But yeah, how do you combine letting go, and also standing up for yourself? How do you translate that you want peace in the language of people that would believe you much easier if you said that you were out to use them to get your goal :'D I'm not asking for a manual but I mean... How do the two ideas sync?


You be clear about what you want without being violent about it. You can find a way to voice your resolve if you have to and act on your resolve without being aggressive or expecting other people to change. You take full responsibility for all of yourself. Here is a podcast I have listened to about non-violence. It does take a little bit to get going and you do have to pay attention to what he's saying and think about it as you listen. The whole picture will come together for you by the finish. http://www.swamij.com/podcast/071230-first-no-harm-swami-j.mp3

MaskedOne
12 Jun 2015, 03:22
You be clear about what you want without being violent about it. You can find a way to voice your resolve if you have to and act on your resolve without being aggressive or expecting other people to change.

And here in a nutshell is why I would make a terrible Buddhist. :)

Azvanna
13 Jun 2015, 18:40
And here in a nutshell is why I would make a terrible Buddhist. :)

Lol ^.^ idk MO, you might be a perfect example of non-violence. You non-violently state your expectations and waste no energy on drama.
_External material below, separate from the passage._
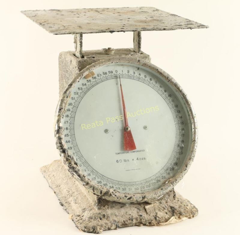 Fully function 60 lb scale from an artists studio. Features a large platform & rustic exterior from paint or plaster. Measures 14" x 12" x 14".

If they don't change, they deal with the outcome - not you.

Someone more versed in those principles might be able to better respond to the OP though. I only know of them through Yoga practise.

MaskedOne
13 Jun 2015, 18:52
Lol ^.^ idk MO, you might be a perfect example of non-violence. You non-violently state your expectations and waste no energy on drama. If they don't change, they deal with the outcome - not you.
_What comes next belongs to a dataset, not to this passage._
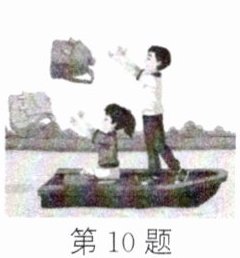 10. (教材 P43 材料改编)如图所示为小星梦见她和小海被困在一个结冰池塘中的情形,他们坐的小船停在光滑的冰面上,他们想出一个奇妙的方法——把行李向后扔出去而使船前行,“后扔”“前行”说明了

Someone more versed in those principles might be able to better respond to the OP though. I only know of them through Yoga practise.

I put energy into my theatrics...

Oh, wrong type of drama, sorry. :)

Other than that, we have a few people versed in Buddhism floating around. I've been mildly interested in Taoism at various times but I've never mustered much interest in Buddhism.

kazumi
14 Jun 2015, 07:16
I'll listen to the podcast soon, thank you. I think that the answer, for me at least, is more simple than it looks & was sort of in my question.
Words are just words~ they have what value we put in them. If I mind my own business and do what I do, and something happens... Then just 'roll with the punches', and do what's necessary to defend yourself but just to that extent. If some aggression or whatever builds up, then focus on letting that go during down time. There's and always will be a thin line between deflecting BS and becoming violent.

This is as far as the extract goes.